The hornist, who holds a Diplom degree, is currently working on his dissertation at Freie Universität Berlin, on Jewish writers in East Germany. There has been little research on this topic to date in Israel, where Waldman is earning a doctorate at the Hebrew University of Jerusalem. “In Israel, Germany is still most often viewed as being synonymous with West Germany, the old FRG, where most of the Israeli scholars of German language and literature or historians who are teaching today got their education,” Waldman explains. His work takes up the question of whether, and if so how, a specifically East German Jewish identity formed. To find out, he is studying literary texts by Thomas Brasch, Barbara Honigmann, and other writers.
Waldman explains that West Germany and East Germany each had their own way of coming to grips with – and here he cites Brasch – the “pan-German tragedy.” The Auschwitz trials and the TV series Holocaust dominated the public discourse in West Germany, but not in the German Democratic Republic. And that, Waldman says, has had consequences reaching right up to the present day, as he knows from personal experience.
The idea for his dissertation came to him while he was working in former “East” and “West” orchestras, playing music side by side with colleagues who had grown up in either East or West Germany. Even then, more than 15 years after the Berlin Wall came down, the differences were still noticeable. Now he plans to dedicate himself to this chapter in the history of the two German nations from an academic standpoint.
Waldman’s own background may allow him to view this history from a certain distance. His grandparents emigrated from Eastern Europe to Palestine, where his parents were born even before the Israeli nation was founded.
It is also possible that the time he spent as part of the West Eastern Divan Orchestra headed by Daniel Barenboim has given him a particularly keen sense of these kinds of nuances.
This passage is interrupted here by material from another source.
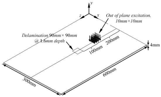 Schematic diagram of considered example of a composite plate with delamination-type damage.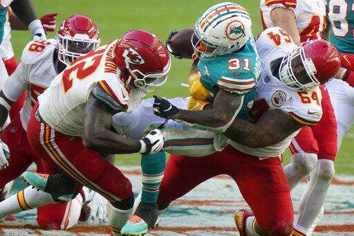 Kansas City Chiefs defensive tackle Mike Pennel (64) and defensive end Tanoh Kpassagnon (92) tackle Miami Dolphins running back DeAndre Washington (31), during the second half of an NFL football game, Sunday, Dec. 13, 2020, in Miami Gardens, Fla. (AP Photo/Wilfredo Lee) The Associated Press

He traveled to Germany with the orchestra, which was made up of young musicians from the Middle East – from Israel and Arab countries – in 1999. “Barenboim changed my life,” he says emphatically, “and the lives of a whole generation of musicians from the Middle East.” Waldman still gets goose bumps to this day when he thinks about the orchestra.
The conductor was “in a class of his own” as both a person and a musician, Waldman says. He felt that he was living out a fairytale, with nightly concerts with Barenboim, Yo-Yo Ma, and other musicians from world-renowned orchestras as well as engaging in political discussions. He came into contact with colleagues from Syria and Lebanon, people that he could never have met in Israel – “except as a soldier on the other side of the border,” he adds ironically.
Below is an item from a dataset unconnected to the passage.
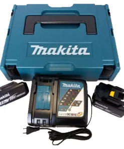 Questo kit contiene 2 batterie Makita BL1850B 18v 5,0Ah agli ioni di litio con indicatore di stato di carica a LED, un caricabatterie intelligente DC18RC 18v ed una Valigetta MakPac type 3, oltre a un inserto in plastica appositamente studiato per questo kit di batterie e caricabatterie.

Barenboim was also the person who asked Waldman whether he wished to study horn in Berlin and helped make sure Waldman would be released from military service in Israel early. Waldman was admitted to the Berlin University of the Arts – which also brought him “unimpeded access to the State Opera, all the rehearsals, all the performances.”
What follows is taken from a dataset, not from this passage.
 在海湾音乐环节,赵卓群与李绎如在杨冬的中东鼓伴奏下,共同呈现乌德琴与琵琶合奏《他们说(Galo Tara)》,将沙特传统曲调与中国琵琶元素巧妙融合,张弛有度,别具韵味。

After he earned his degree, Waldman was hired as an orchestral musician, first with the Radio Symphony Orchestra Berlin and Nürnberger Staatsoper (Nuremberg State Opera) and finally back in his home country of Israel, where he blogged about the local situation for his friends from 2009 to 2012.
Waldman, now a father of two girls, wrote blog posts about the political situation, shared recipes for home cooking, and described everyday family life during the first Gaza War. His blog readership grew, and Waldman was cited as a “different Israeli voice” in various media. Today he is happy to be back in Berlin with his family – and not only because of the libraries and archives, which are important to his work. Berlin “as a place and a way of life” has become his home by choice, Waldman says.